9. McIntosh may, at its sole expense, during the term of
the Option, enter upon the Property for the purpose of taking
soil samples, performing engineering studies, surveying, grading
and compacting. McIntosh shall indemnify and save harmless the
City from all claims, suits, judgments, court costs, and
reasonable attorneys fees arising out of an allegation that any
of the aforesaid activities on the Property by McIntosh resulted
in wrongful death; personal injury; loss, damage or destruction
to personal property and/or claim under the mechanics lien law.

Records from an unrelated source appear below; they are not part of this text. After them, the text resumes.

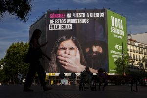 Una mujer pasa junto a un cartel electoral del partido de ultraderecha Vox en un edificio en Madrid, España, el miércoles 12 de julio de 2023. Foto: Manu Fernández, AP.
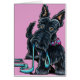 Sujet illustration d'un Scottie noir tenant anxieusement sa laisse. Encre et crayons colorés. c) Andie 2014.
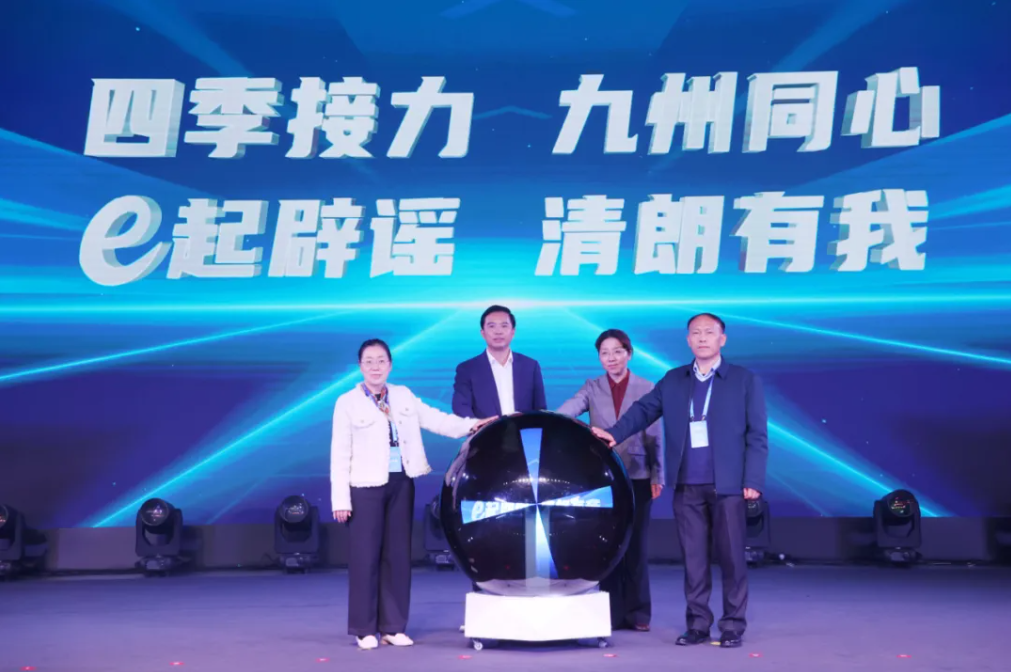 四季接力,九州同心;e起辟謠,清朗有我!第四季活動現(xiàn)場播放了2025網(wǎng)絡(luò)辟謠沙龍回顧視頻,再現(xiàn)了活動從河南的文明之源啟程,穿越廣西的山水清朗,沐浴齊魯?shù)娜屣L(fēng)信義,最后相聚在“雄奇山水、新韻重慶”。 隨著河南省委網(wǎng)信辦副主任李麗、廣西壯族自治區(qū)黨委網(wǎng)信辦二級巡視員肖珊、山東省委網(wǎng)信辦總工程師赫叢慶、重慶市委網(wǎng)信辦副主任魏春代表四地網(wǎng)信辦點亮“網(wǎng)絡(luò)辟謠同心圓”,標(biāo)志著2025網(wǎng)絡(luò)辟謠沙龍圓滿收官。

The City shall forthwith notify McIntosh of any such claim or
suit against the City and McIntosh may defend, compromise
and/or impose any defense or counterclaim in the name of the
City. The City shall, at the expense of McIntosh, participate
in the defense of any such suit as may be reasonably required
by McIntosh.
10. In the event that title to the Property is transferred
from the City to McIntosh by reason of McIntosh purchasing or
leasing the Property pursuant to the provisions of this Agreement,
the title shall be a fee simple absolute title evidenced by
a form of deed subject to the approval of McIntosh and subject
to only those exceptions to the title approved by McIntosh
as such exceptions may, be set forth in a preliminary title
report from Pioneer National Title Insurance, to be obtained
by McIntosh prior to the effective date of any such sale or lease.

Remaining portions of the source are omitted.